(Task input begins)

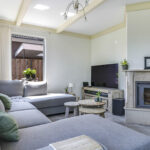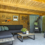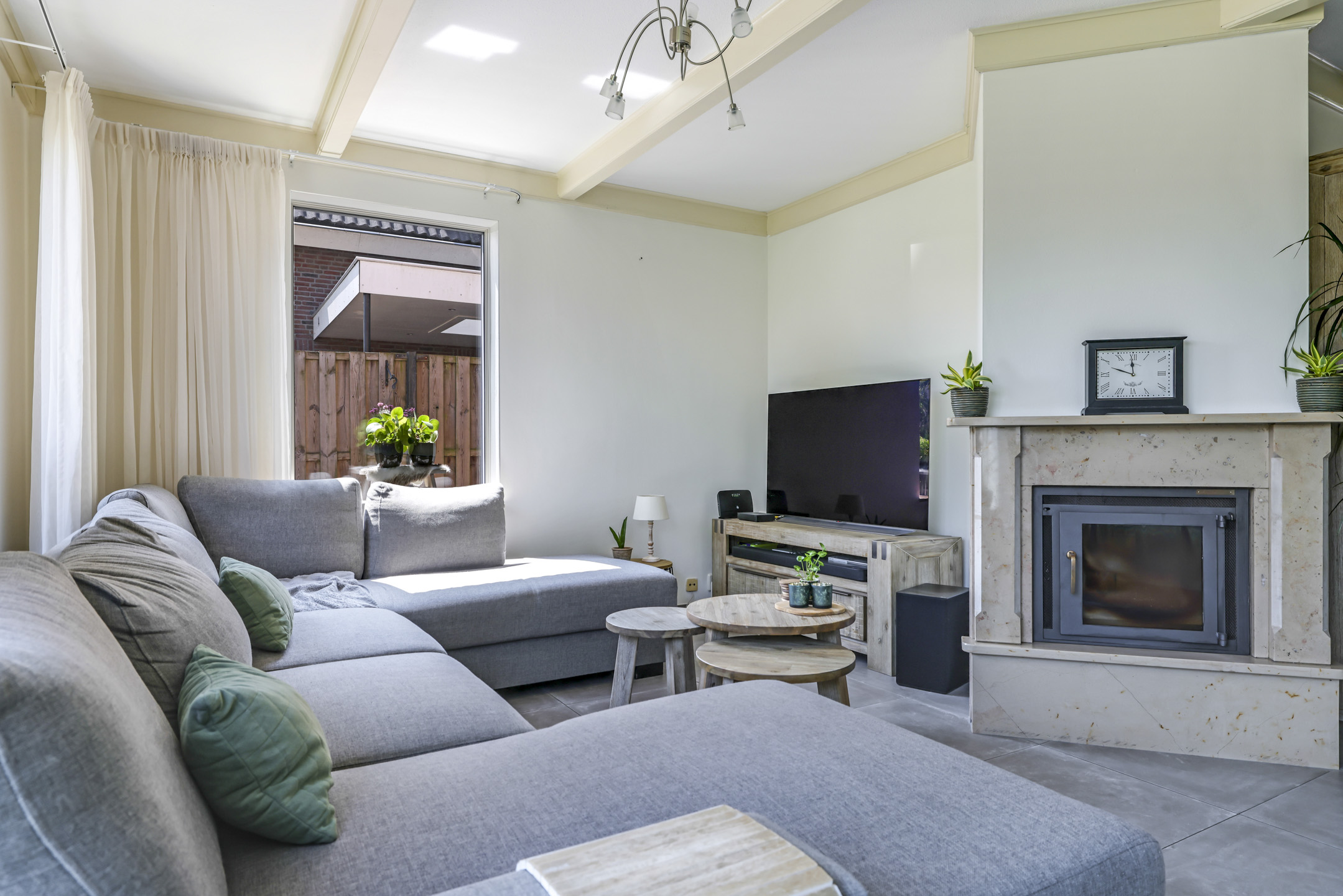 Woonkamer met L-indeling, ingebouwde houtkachel en dubbele terrasdeuren
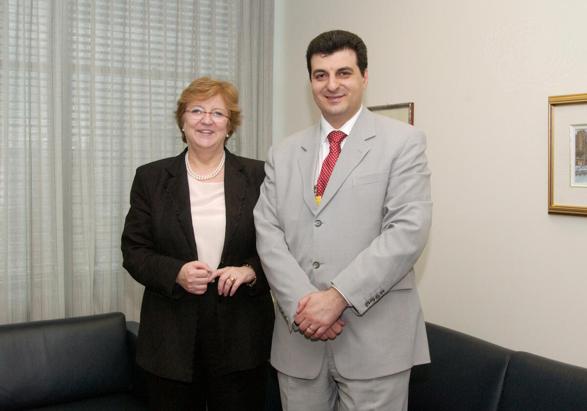 Deputy Secretary-General Louise Fréchette (left) meets with Mihnea loan Motoc, Permanent Representative of Romania to the United Nations.
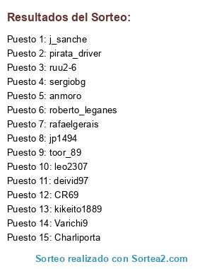 Lista de participantes: leo2307, sergiobg, Charliporta, kikeito1889, toor_89, roberto_leganes, rafaelgerais, j_sanche, jp1494, pirata_driver, Varichi9, anmoro, CR69, ruu2-6, deivid97.
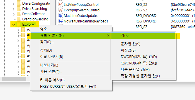 키 이름은 Shell Icons로 설정합니다. 키가 이미 있다면 이 단계는 넘어가세요.
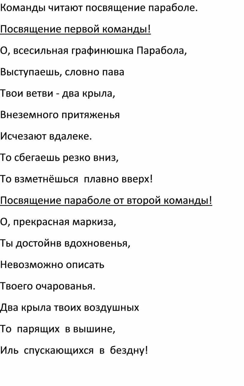 Команды читают посвящение параболе.
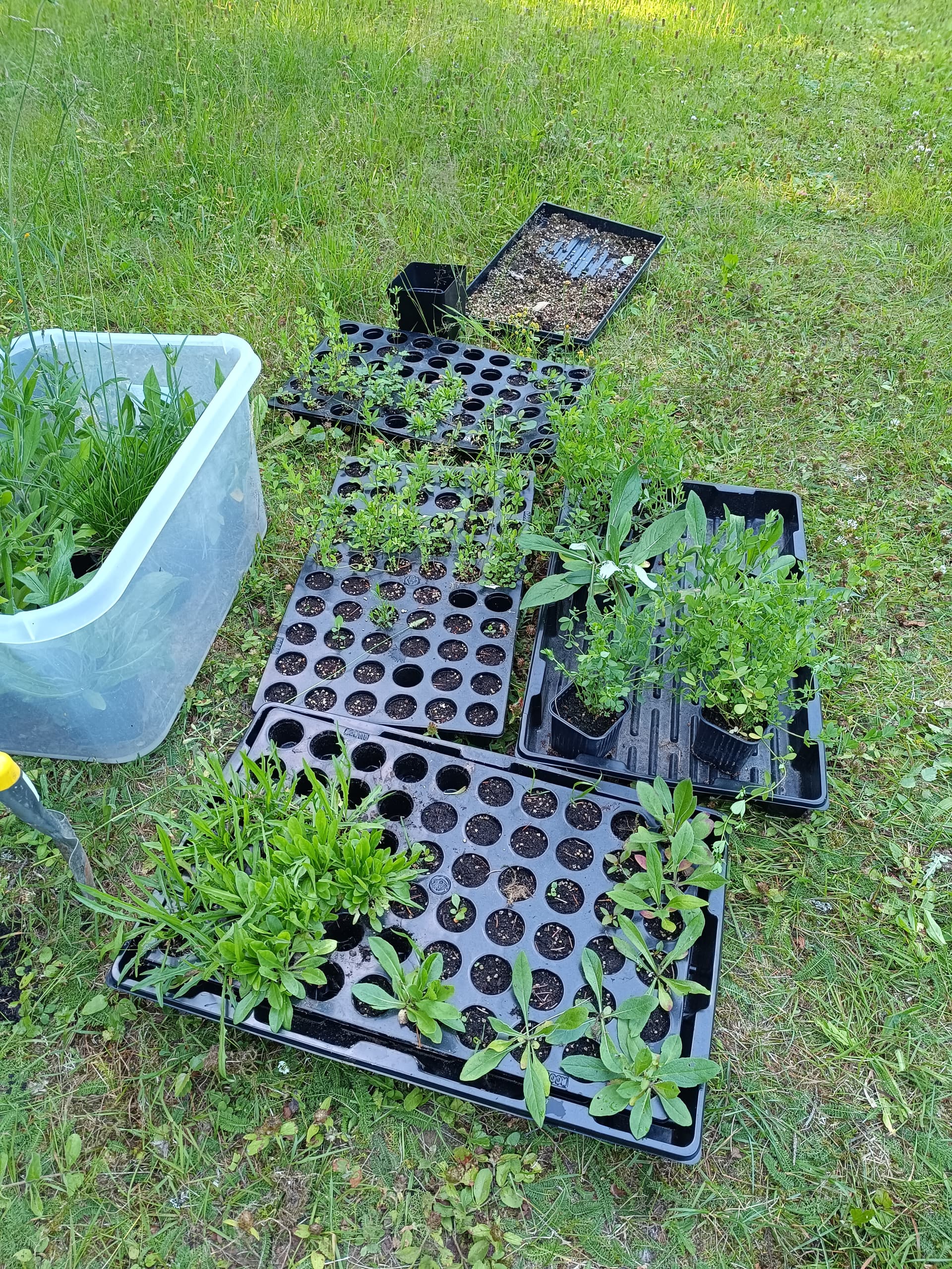 Kylvin peurankelloa, ranta-alpia, pulskaneilikkaa, pietaryrttiä ja niittyleinikkiä, kaikki omista siemenistä Peurankellot ja ranta-alpi on tienvarsilöytöjä, kukkivat tosi komeasti jostain syystä viime vuonna, kun aikaisempina vuosia oli vain ihan muutama Pitihän se sitten ottaa sitä paikallista kantaa talteen!
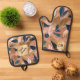 Blush Pink Gold Boho Popular Leaves Collection Oven Mitt & Pot Holder Set
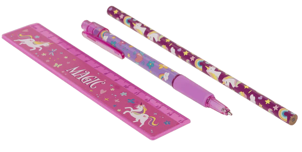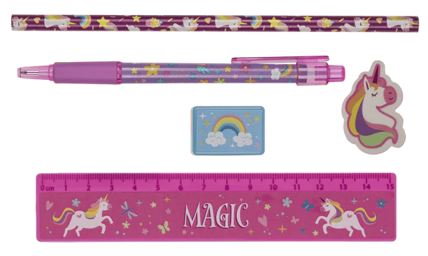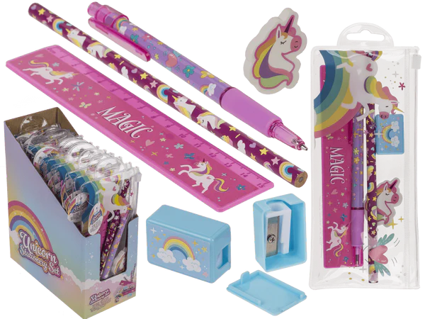 Magiczna nauka z Jednorożcem! Zestaw 5 przyborów szkolnych z tęczowym motywem: ołówek, długopis, linijka i więcej. Idealna wyprawka na prezent. Sprawdź!
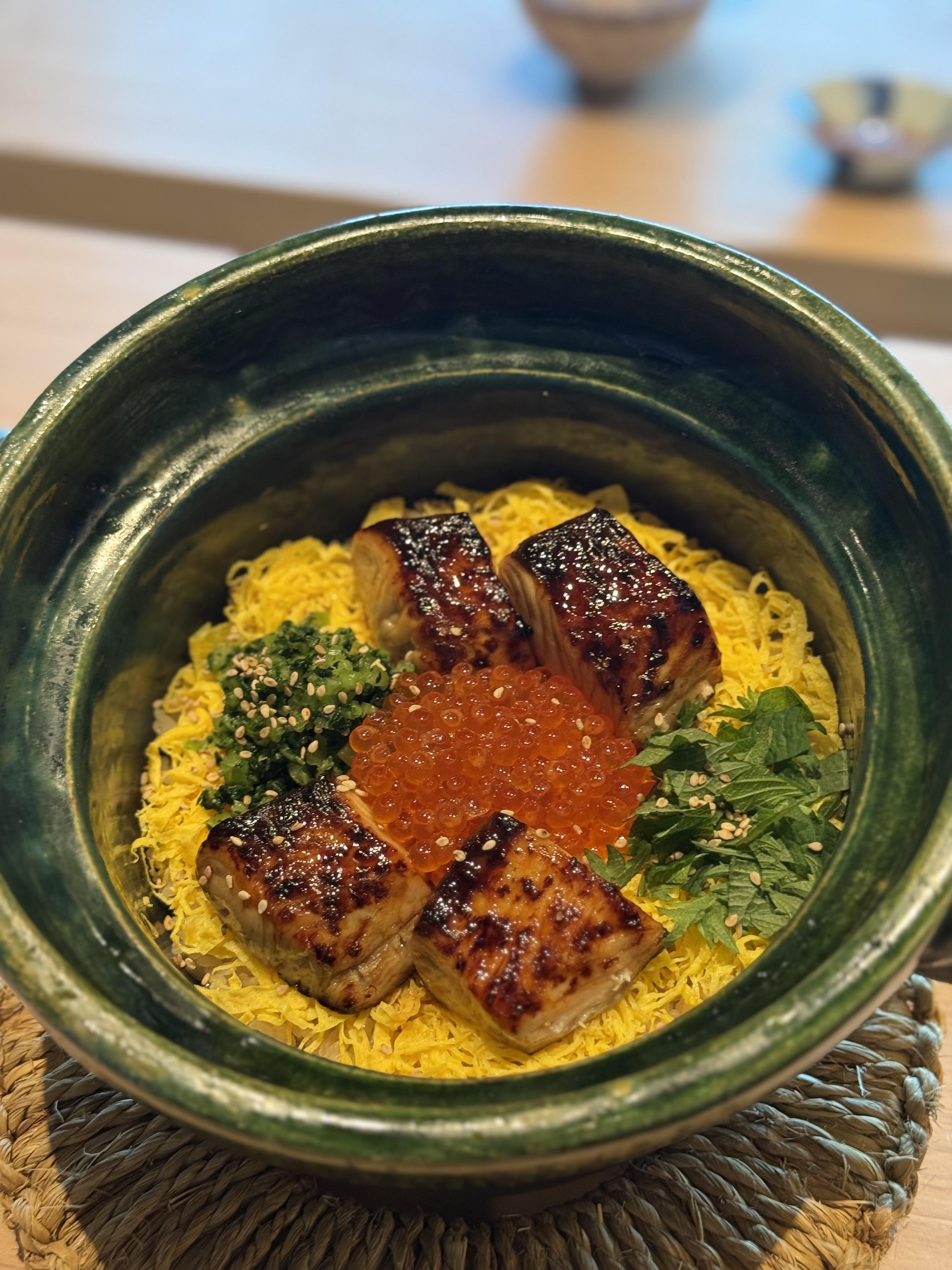 喜欢缟鲹鲑鱼子土锅饭,米饭金黄焦香,颗颗分明,缟鲹鱼与鲑鱼子铺陈其上,鲜味浓郁,层次和色泽丰富。土锅饭有两种食用方式,吃完第一碗后还可淋上热汤享用,更添暖意。

(Task input ends)

*Description of the task*:
What is needed is an exact repetition of every entry, without the pictures.

*Expected answer*:
 Woonkamer met L-indeling, ingebouwde houtkachel en dubbele terrasdeuren
 Deputy Secretary-General Louise Fréchette (left) meets with Mihnea loan Motoc, Permanent Representative of Romania to the United Nations.
 Lista de participantes: leo2307, sergiobg, Charliporta, kikeito1889, toor_89, roberto_leganes, rafaelgerais, j_sanche, jp1494, pirata_driver, Varichi9, anmoro, CR69, ruu2-6, deivid97.
 키 이름은 Shell Icons로 설정합니다. 키가 이미 있다면 이 단계는 넘어가세요.
 Команды читают посвящение параболе.
 Kylvin peurankelloa, ranta-alpia, pulskaneilikkaa, pietaryrttiä ja niittyleinikkiä, kaikki omista siemenistä Peurankellot ja ranta-alpi on tienvarsilöytöjä, kukkivat tosi komeasti jostain syystä viime vuonna, kun aikaisempina vuosia oli vain ihan muutama Pitihän se sitten ottaa sitä paikallista kantaa talteen!
 Blush Pink Gold Boho Popular Leaves Collection Oven Mitt & Pot Holder Set
 Magiczna nauka z Jednorożcem! Zestaw 5 przyborów szkolnych z tęczowym motywem: ołówek, długopis, linijka i więcej. Idealna wyprawka na prezent. Sprawdź!
 喜欢缟鲹鲑鱼子土锅饭,米饭金黄焦香,颗颗分明,缟鲹鱼与鲑鱼子铺陈其上,鲜味浓郁,层次和色泽丰富。土锅饭有两种食用方式,吃完第一碗后还可淋上热汤享用,更添暖意。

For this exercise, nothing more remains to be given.